Crimes against women are infinitely more serious than what is indicated by the cases cited in this article but the sample is adequate for arriving at two conclusions. First, sex-related violence against women remains as widespread as ever, and is more common in wadera/landlord-ruled territories than elsewhere. Secondly, the jirga/panchayat system has survived all judicial strictures and calls for its abolition. It is clearly the government’s responsibility to find ways to meet the challenge it has been avoiding for a long time.

As regards the causes of violence against women, especially rape/gang rape, much has been written — without effect — on the evils of the feudal culture and the tendency to justify the feudal oppression of women by claiming religious sanction for it.

Perhaps it is necessary to consider three relatively new factors: first, reliance on force, instead of reason, law and morality to justify the actions of the state and individuals; second, the brutalising effect of the war imposed on the people by the extremists; and third, ceaseless use of the pulpit to denounce women who move around, do jobs, and even dare to make laws for men. Research by qualified experts is needed to establish the precise contribution of these factors to the increase in attacks on women’s person and dignity.

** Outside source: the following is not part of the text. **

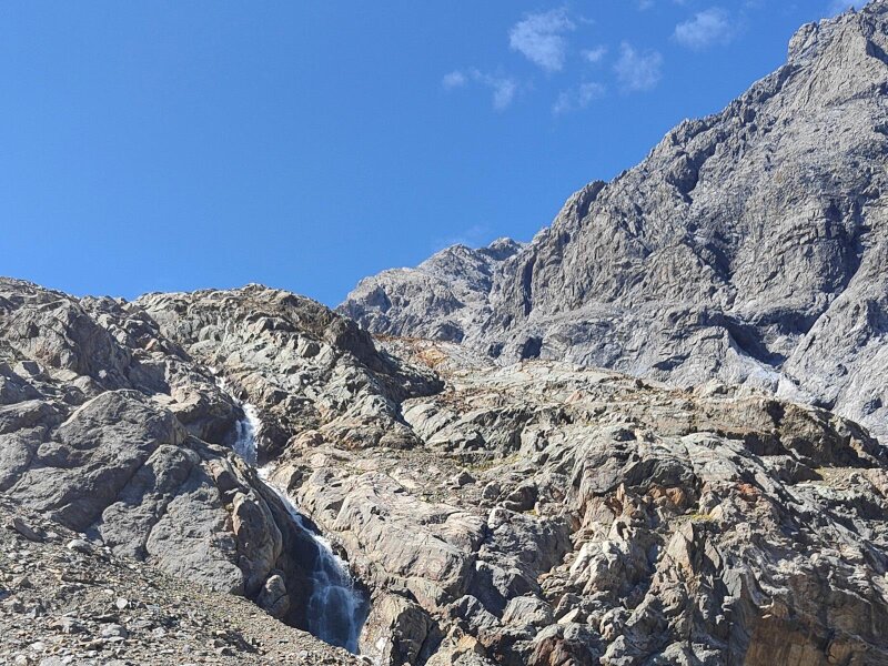 Schließlich erreichen wir die Hintergrathütte, die in den Sommermonaten bewirtschaftet wird. Hier, mitten im im Nationalpark Stilfserjoch, auf gönnen wir uns eine ausgedehnte Rast. Danach bringt uns der Weg Nr. 2 in relativ kurzer Zeit hinunter ins Tal. Bei unserer Ankunft in Sulden haben wir ab der Hütte rund 800 Höhenmeter überwunden. Ein unvergessliches Erlebnis im ewigen Eis!

The issue of wadera/tribal justice is quite complicated as the institution of jirga/panchayat is sustained by a pre-democracy socio-economic order. The wadera/tribal chief wants the world to believe that he resolves disputes in order to ensure peace but in effect he uses the club of elders to protect his political power base, quite often to make money from his followers’ misery.

The jirga/panchayat mystique suggests that people turn to this institution because they have lost faith in the state’s judicial system, because it guarantees quick settlement of matters and because an accused is tried by his own people. All three arguments have been rebutted time and again.

The first argument, loss of faith in the formal justice system, is born of despair. Reason cannot support adoption of a weaker model of justice in place of a sound but malfunctioning system.

The second argument is only partially valid. A jirga may be quick in deciding matters but speed is achieved at the cost of due process, and justice must inevitably be impaired.

Finally, a person appearing before a jirga is not judged by his peers; he is much farther removed from the wadera/chieftain than he can ever be from a magistrate even if he does not know him. The only difference can be the level of corruption but distinctions on that basis between a court and a jirga are fast disappearing.

The government has to realise that the strength of wadera justice lies in the social order that has been in place since the colonial era and progressively, further corrupted. No law alone can remove or reform this order. It will survive until the feudal culture is erased through a social process. Finally, there must be some sign of the government’s will to see the question of wadera justice in its correct perspective.